Your datastores will go APD and your VMs will stop responding. Messages like below will occur in the vmkernel log:

WARNING: ScsiDevice: 1700: Device :naa.624a937073e940225a2a52bb0001a2a2 has been removed or is permanently inaccessible.
WARNING: HBX: 1728: 'FlashArrayVMFS02': HB at offset 3530752 - HB IO failed due to Permanent Device Loss (PDL)

The datastores will be shown to inaccessible in the GUI and the VMs will usually get a device loss error:

lostdatastore

answerquestion

When the storage goes into PDL (Permanent Device Loss) the VMs will be marked with a question. It basically asks, hey the storage is gone, do you want this VM to keep trying to access it in hopes it comes back or should we just kill it? Hitting retry keeps it trying and cancel will power off the VM. The VM then is marked as inaccessible.

inaccessible

With the whole resignature process, in order to recover these VMs you would need to unregister them, mount the VMFS copy with the new signature then re-register them and power them on. If you do not reregister them the VMs will not see the recovered VMFS as the original volume. The VM sees it has a different signature and it thinks it is a new VMFS, even though the data is the same. See more information on signaturing here.

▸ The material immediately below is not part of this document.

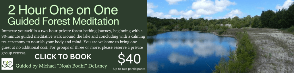 The two hour one-on-one guided forest bathing includes a full 90 minute meditative walk around the lake followed by a relaxing tea ceremony. You may bring up to one guest free. For three or more guests, please book a private group. Thank you.
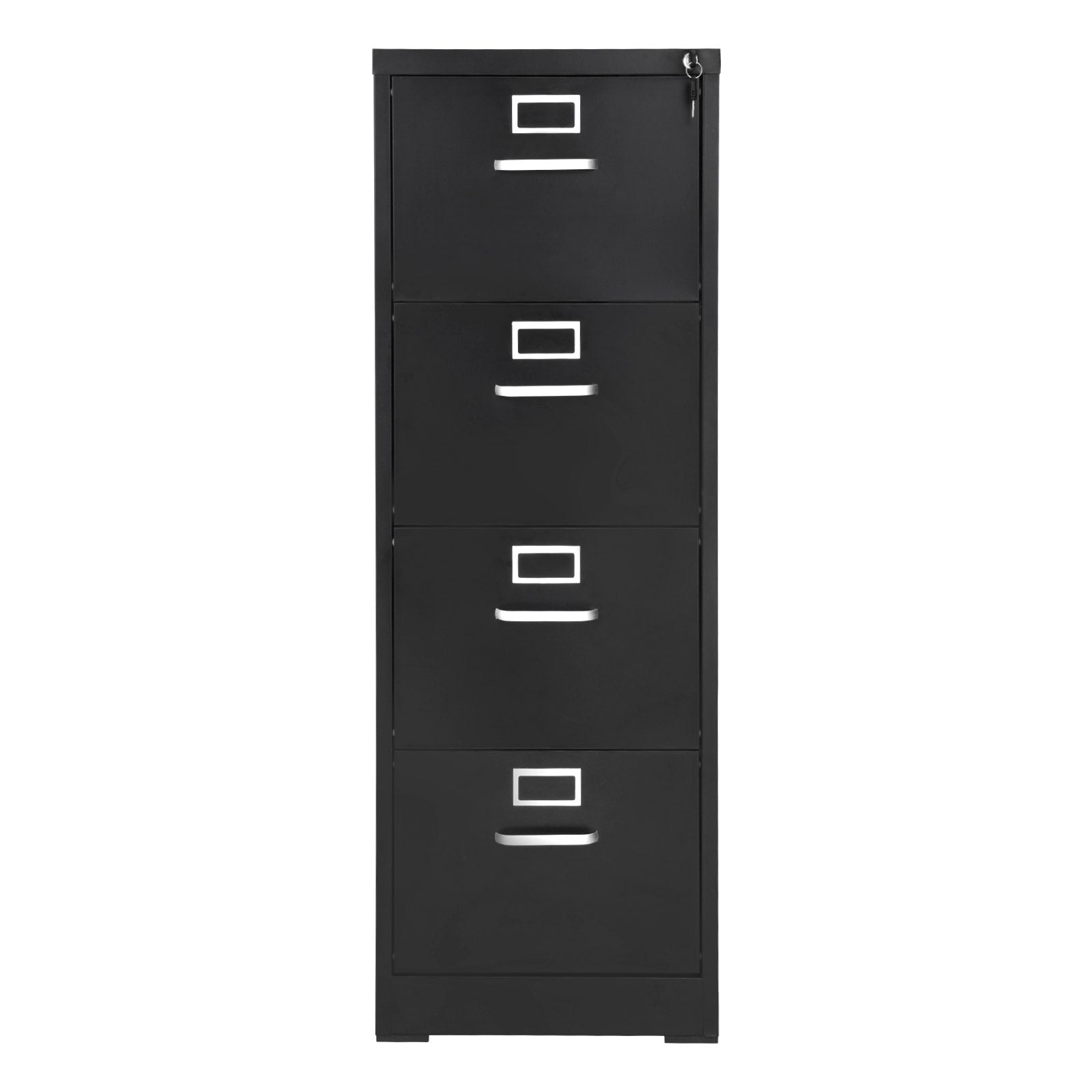 4 Drawer File Cabinet with Lock, Metal Vertical Filing Storage Cabinets for Home Office, Heavy-Duty Cabinet with Detachable Hanging Rod, for A4/Letter/Legal Size File, Easy Assembly (Black)

Resignaturing is required because a VMFS has been copied to a new volume with a different serial number. This is common in array-based replication, as a serial number is usually (though not always) tied to only being able to exist on one array.

That being said, you can “fool” ESXi into thinking that a VMFS is on the same volume as before, so the VMs will pick up where they left off with out unregistering/registering. This is force mounting. The function of force mounting is telling ESXi to ignore a signature mismatch and just mount the VMFS with a mismatched signature. This allows that VMFS to be presented on a different device than originally but with the same signature. Pre-existing references to that datastore will be restored!

There are a lot of problems that force mounting can introduce, and I linked to my previous post on that twice in this post already, so I won’t list them here. But let’s look at the two major benefits in this situation:

  1. Faster RTO. The removal of the need to unregister and re-register VMs greatly speeds up recover. The semi-long process of the resignature operation not having to happen also increases the speed.
  2. Historical information preservation. A problem with unregistering and re-registering VMs is that with many VMware and/or 3rd party management applications, when this happens the historical data for those VMs is trashed. Since the VM was unregistered, it is seen as no longer necessary. If the VM comes back after re-registration it is seen as a new VM. So the before and after data cannot be linked. In certain environments, this loss is a large problem.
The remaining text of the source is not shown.